This paragraph comes from one of over ten thousand similar paragraphs in one of many datasets that we’ll be using later to evaluate if the model is becoming competent, as we’ll cover in chapter 18. For now I’m using it to motivate the concept of attention.

So how freaking amazing are our minds? With every word we refine our understanding. We see the big picture and the details. These are informed by what we know about the world as a whole, and we know how to go back and retrieve specific pieces of information when they seem worth paying attention to.

How is a computer, a deterministic machine, possibly going to do any of that? Well, one way it’s definitely not is through hand-coded rules. As we talked about for translation in chapter 6, hand-created rules are only useful in restricted domains like reading weather reports or mechanical descriptions of changes in stock price.

Instead we need a computer model that comes closer to our mental model. At a localized level it needs to know that “Tesla” is a person not a company and that “he” refers to Tesla. On that final question mark, the model needs to see the bigger picture that a question is being asked, that the question is asking for a year that something happened, and be able to know or find the answer.

As we get into how this works, I don’t want to pretend that this specific approach is obvious, inevitable, or optimal. I also don’t want to pretend that I have a perfect intuition for it. But real-world results speak for themselves. This approach has brought us machines that think and that can understand and generate text, images, video, and sound. That’s not to say that there won’t be better approaches in the future or that we won’t refine our understanding of why it works.

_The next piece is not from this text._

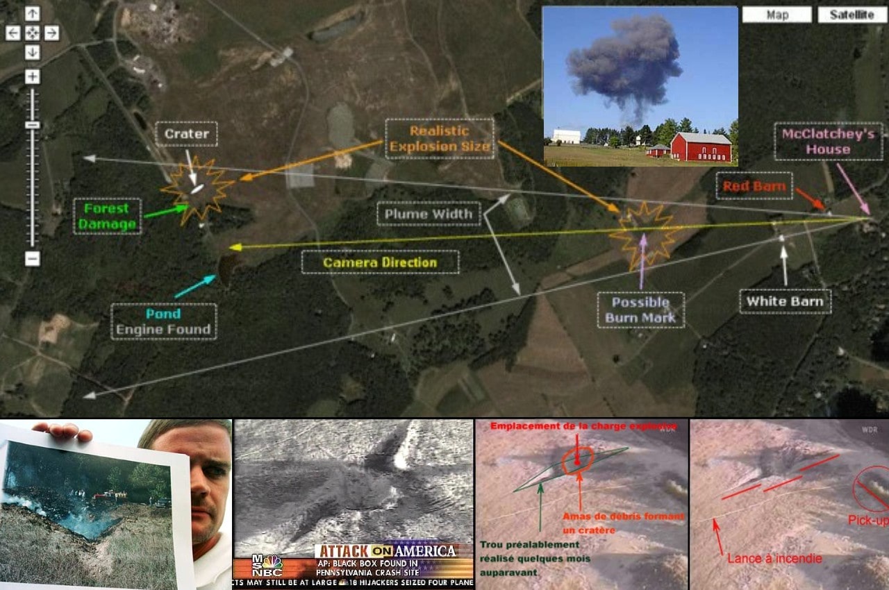 -d’un Boeing 757 qui disparait totalement (comme s’il n’avait jamais existé) dans une excavation pré-creusée de 300 m³ située dans un terrain vague de Shanksville en Pennsylvanie dans laquelle curieusement les pompiers locaux verseront du mazout de chauffage et y mettront le feu…

As we talked about for embeddings in chapter 11, we need to come up with an architecture that plausibly fits the problem, try training it, and see if it works. In the hedgehog example we saw how too few layers and parameters could not match the odd relationship between length and number of quills, but as soon as we gave the model enough room to learn, it figured it out.

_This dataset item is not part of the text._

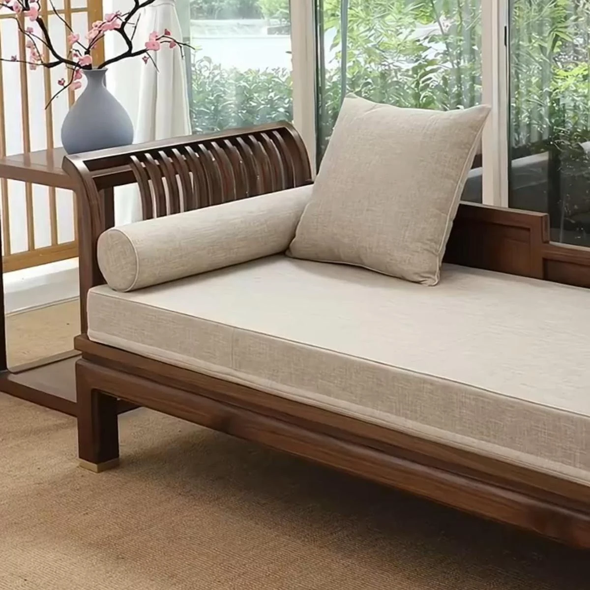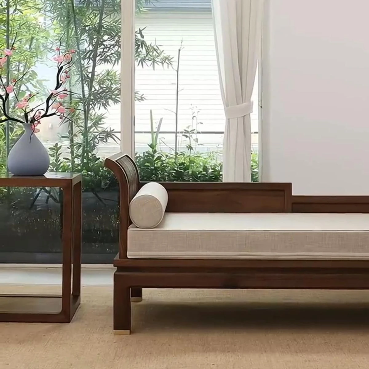 新中式禅スタイルの北米ブラックウォールナットとホワイトアッシュの貴妃ソファベッド。オフィスやホテル、民宿に最適なエレガントなリビング家具。心安らぐ空間を演出します。

Here, the one thing we know for sure is we must mix information among positions. If the size-1280 output vector of the final transformer block for the final token “?” (as in “Smiljan?”) is to be projected on the full vocabulary and have “1873” come out on top, this vector must contain information from positions earlier in the sequence. (I’m simplifying a little bit because we want the final prediction to be “ 18” and then we want “ 18” to predict “73.”)

You likely have intuition that not all information is equal, and different information is important at different positions. When we get to “Smiljan,” “birthdown” is relevant. When we get to the final question mark, the first sentence is more relevant than the second, and the year 1873 is the most relevant token (tokens) in the first sentence.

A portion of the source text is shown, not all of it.